One year after the approval of the European Data Strategy, the European Council acknowledged in March 2021 "the need to accelerate the creation of common data spaces and ensure access and interoperability of data" and invited the Commission to "present the progress made and the remaining measures necessary to establish the sectoral data spaces announced in the European Data Strategy of February 2020." Subsequently, in February 2022, the European Commission published a working document on the European data market. 

After contextualizing the development of the concept of data spaces within the European framework, the webinar presenters went on to explain the key components that will be part of the data spaces, some of which are already operational and others are still in development. The seminar provided an overview of what the European data space is expected to be like, highlighting the following aspects: 

Firstly, there was a discussion about high-value datasets from the public sector. In January of this year, the European Commission published a list of high-value datasets, which are understood as those that provide added value and significant benefits to society. There is a wide variety of high-value data in different areas (health, agriculture, mobility, energy, etc.) that stakeholders make available with varying degrees of openness. As explained in the webinar, the idea is to start creating common high-value data spaces in more homogeneous areas, although the ultimate goal is for data to be shared across all sectors within the European market, as most applications will require data from different domains. 

To support the creation of these data spaces, the first initiative launched in Europe is the establishment of the Data Spaces Support Centre. This center explores the needs of data space initiatives, defines common requirements, establishes best practices to accelerate the formation of sovereign data spaces as a crucial element of digital transformation in all areas, and ensures interoperability through compliance with common standards. 

In order for all of this to be developed, a technical infrastructure for data spaces is necessary, which facilitates cloud and edge-cloud services, intelligent middleware solutions (Simpl), a digital marketplace, high-performance computing, on-demand artificial intelligence platform, and AI testing and experimentation facilities. 

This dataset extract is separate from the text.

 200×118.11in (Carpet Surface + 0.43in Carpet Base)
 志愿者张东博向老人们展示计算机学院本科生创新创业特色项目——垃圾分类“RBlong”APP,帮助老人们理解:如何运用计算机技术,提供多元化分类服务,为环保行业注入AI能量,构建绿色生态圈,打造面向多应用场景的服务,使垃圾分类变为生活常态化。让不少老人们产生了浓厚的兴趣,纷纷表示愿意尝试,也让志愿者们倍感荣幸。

Differences and similarities between data spaces and datalakes  

After providing an overview of data spaces in Europe, the seminar addressed their main characteristics. In this regard, a data space was presented as a secure and privacy-respecting IT infrastructure for aggregating, accessing, processing, using, and sharing data. It was also defined as a data governance mechanism that comprises a set of administrative and contractual rules that determine the rights of access, processing, use, and sharing of data in a reliable, transparent, and compliant manner with applicable legislation. 

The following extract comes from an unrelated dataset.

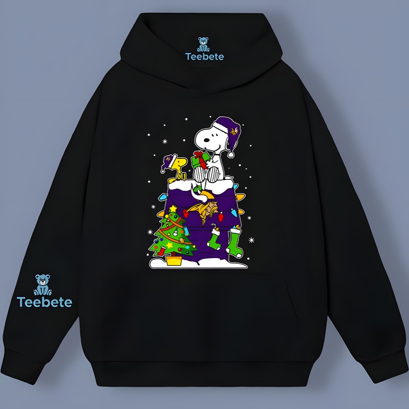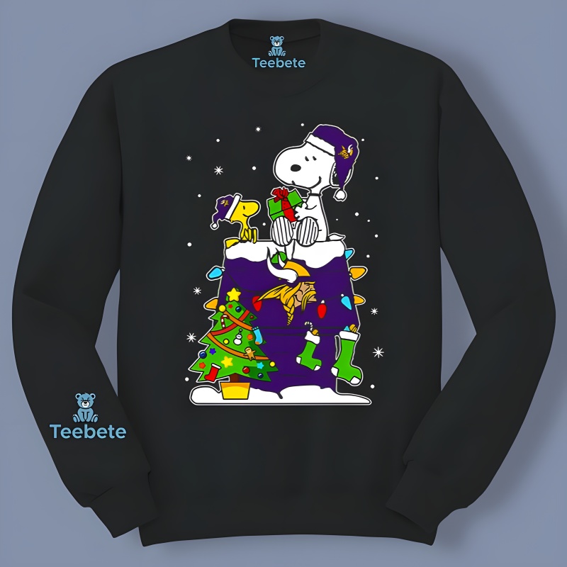 Imagine this: the snow softly falls on a Christmas Eve game at the Metrodome, the crowd roars with anticipation, and even Snoopy and Woodstock are bundled up in Vikings purple, watching from a miniature Christmas tree under the stands. This shirt captures that spirit of festive football fandom.

One of the features highlighted in the webinar regarding this type of infrastructure is that data owners have control over who can access which data, for what purpose, and under what conditions they can be used. Additionally, there is a large amount of voluntarily available data that can be reused either for free or in exchange for compensation, depending on the decisions of the data owners. 

Furthermore, it was emphasized that data spaces involve the participation of an open number of organizations/individuals, respecting competition rules and ensuring non-discriminatory access for all participants. 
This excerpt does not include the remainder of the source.